I had some work in an exhibition that accompanied the latest TECHNE student congress. I used the opportunity for an experiment. As part of my research, I have been finding new ways to engage with mathematical texts and consider the various structures present therein–to deconstruct them, more or less.

 

In this example, I took a paper and cut out any sections that seemed surprisingly emotive or less precise than usual. Reflecting on what this produced, I had the feeling that many of these were pragmatic, or instances of the authors appealing to relevant contextual knowledge that a reader might be expected to hold about the discipline or the values and expectations shared therein. From another perspective, it resulted in some rather curious poetry.

 

I felt it might be interesting to empower a group of non-mathematicians to similarly experiment with a section of a paper, to shift things so that it might not only be perceived as something in an unknown code that is therefore entirely distant and inaccessible, but as something with its roots in other traditions of writing and sharing that could therefore be approached from this perspective.
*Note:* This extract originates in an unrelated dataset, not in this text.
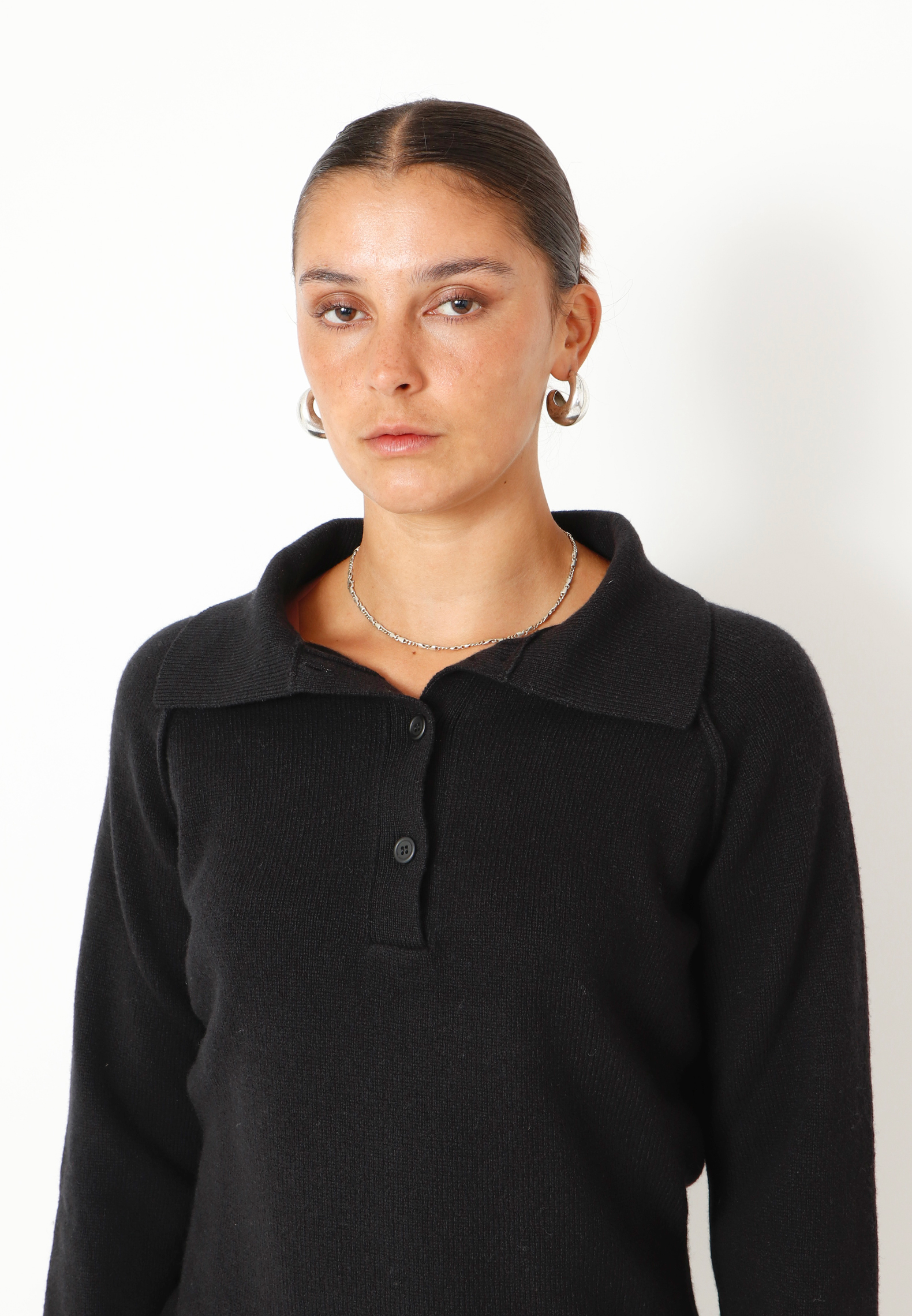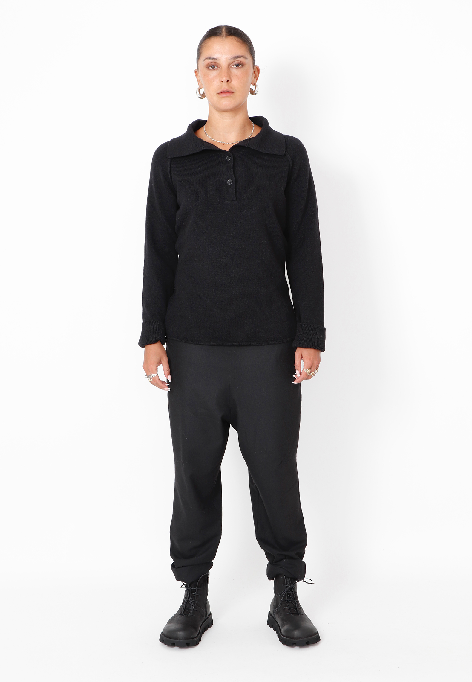 Knitted polo in soft high quality merino wool with buttons and a nice collar. A very usuable knit and a must have in your autumn and winter wardrobe. Here in a gorgeous beige color. Style with matching knitted pants for a completed look.

The results were interesting.

 

Several small poems showed up, tucked into corners of the board. The visual fascination with notation was in evidence, slices made that zoomed through some particular expression. The most popular approach though was to work with the physical form of the paper and its properties, something that even as a sculptor I had actually tended to forget. Content had, thus far, been winning out over form. Slices were looped into rollercoasters, folded to make sharp edges, twisted and abused to make tortured three-dimensional structures that stood up proud. A sheet that had long slices in it to cut out particular parts became an armadillo, rounded and fat. It is easy to forget that this material, which we have processed so much to make it serve as a quiet, transparent, neat and flat medium, doing all it can not to interfere with the ideas it is a vehicle for, has a physicality that can be built with.

What I’d like to do next is to try the same experiment with a group of mathematicians. My initial prediction is that they will be more inclined to engage with the written content, to organise according to similarity or function, but perhaps I will be wrong. It may be that just asking ‘what can you do with this?’ is enough to turn a sheet of paper back into a sheet of paper.